-- Opening Marker --

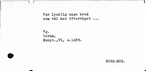 //// v / 1 //// >-v. //// Var lyeklig unga brud //// 4 //// som väl har öfvervägat ... Vg. //// Lerum, //// Mskpt»,VI, s.1489* //// N01B.MUS. ////
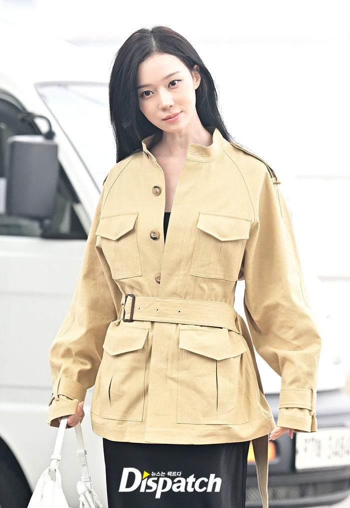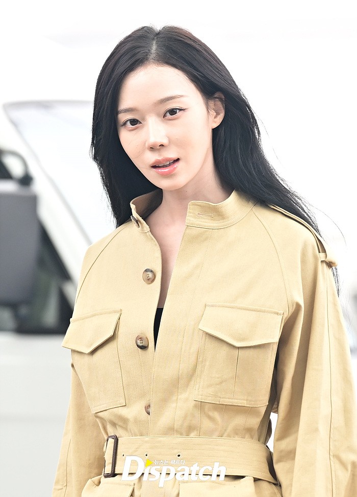 윈터는 베이지 컬러의 하프코트와 블랙 스커트로 세련된 공항패션을 완성했다. 인형같은 이목구비와 러블리한 미소가 돋보였다.
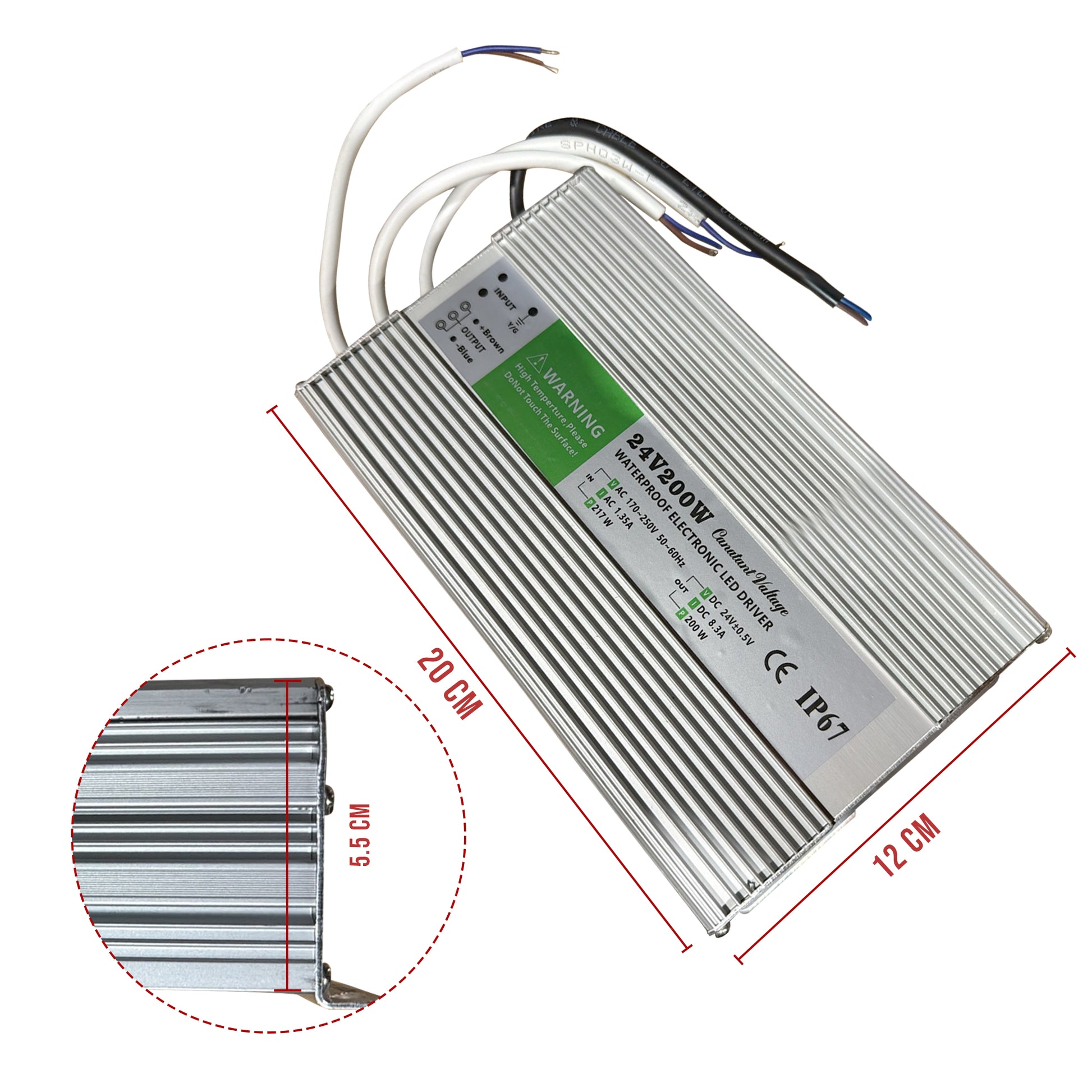 - De LED-driver is ontworpen voor gebruik in een behuizing van aluminiumlegering met rubberen afgedichte kabels, waardoor de LED-driver een IP67-waterdichte beschermingsgraad heeft.
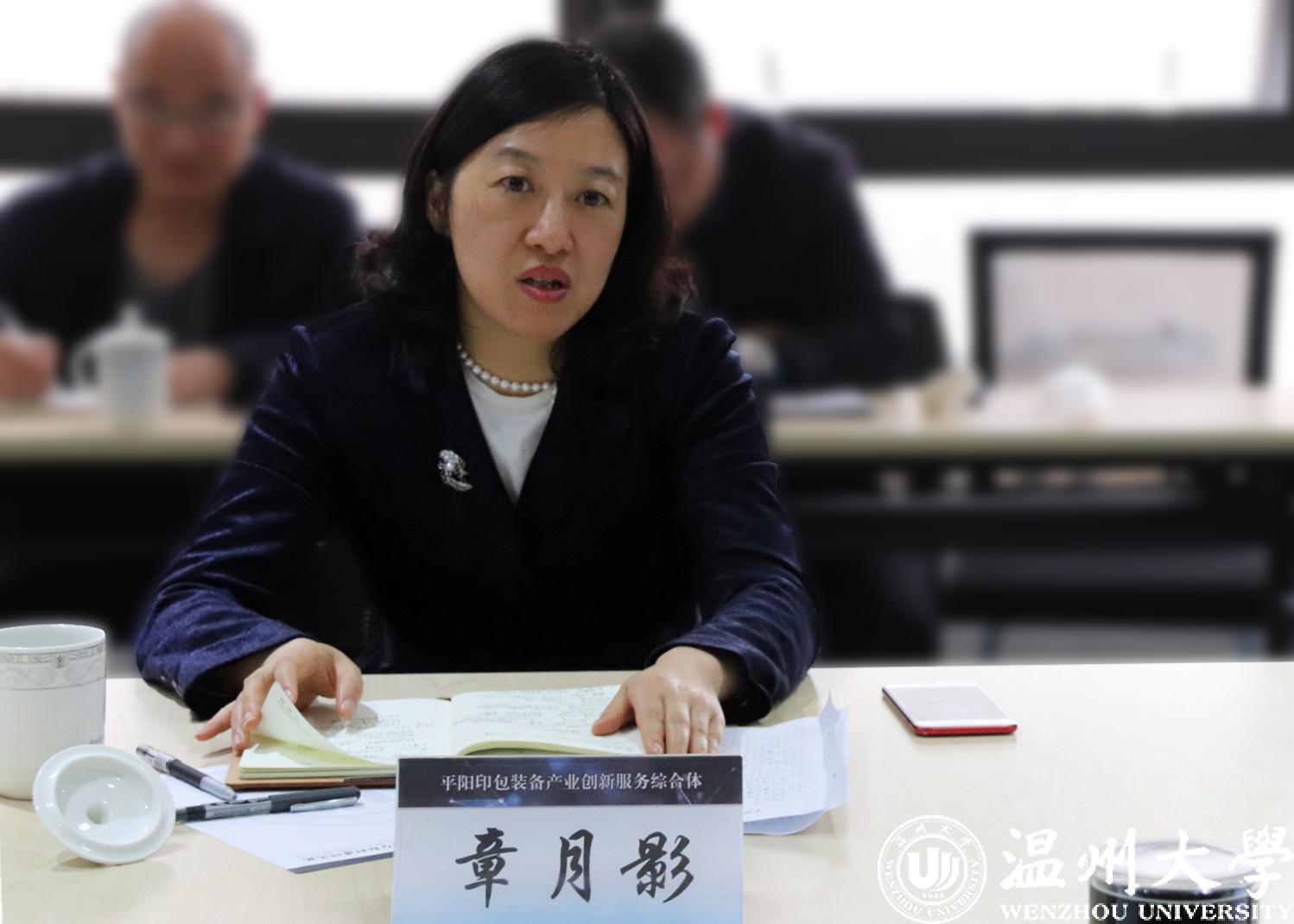 4月14日上午,温州市科技局局长章月影、科技合作处处长胡中坚、农村处处长刘广臻等一行来温州大学平阳研究院进行平阳印包装备产业创新服务综合体建设工作调研。平阳县县委常委、副县长陈杰,科技局局长周春珍、副局长梁奕闯、副局长林立华及研究院院长李峰平等陪同。
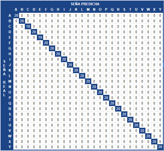 Las matrices confusión de las Figuras 3 y 4, se generaron con una base de datos propia de fotografías con una sola mano, para el entrenamiento se usaron 80 fotografías y 20 para la validación o reconocimiento. En total se tomaron 2500 fotografías, 100 para cada seña o clase, de las cuales 2493 se procesaron de forma correcta y 7 no fueron detectadas por landmark, de cada foto se obtuvieron vectores de dos dimensiones con 21 coordenadas [x-xmin, y-ymin]. En las matrices confusión, algunos resultados de clasificación no presentan la acertación total de 20, debido a los 7 problemas en la detección de la mano, los cuales quedaron distribuidos en las imágenes utilizadas en la fase de aprendizaje y reconocimiento; también se debe a imágenes que se clasificaron incorrectamente.

-- Closing Marker --

TRY IT: The answer is to be the lines of the listing from the first through the one with "- De LED-driver", reproduced exactly, without any pictures.

RESPONSE AREA:
 //// v / 1 //// >-v. //// Var lyeklig unga brud //// 4 //// som väl har öfvervägat ... Vg. //// Lerum, //// Mskpt»,VI, s.1489* //// N01B.MUS. ////
 윈터는 베이지 컬러의 하프코트와 블랙 스커트로 세련된 공항패션을 완성했다. 인형같은 이목구비와 러블리한 미소가 돋보였다.
 - De LED-driver is ontworpen voor gebruik in een behuizing van aluminiumlegering met rubberen afgedichte kabels, waardoor de LED-driver een IP67-waterdichte beschermingsgraad heeft.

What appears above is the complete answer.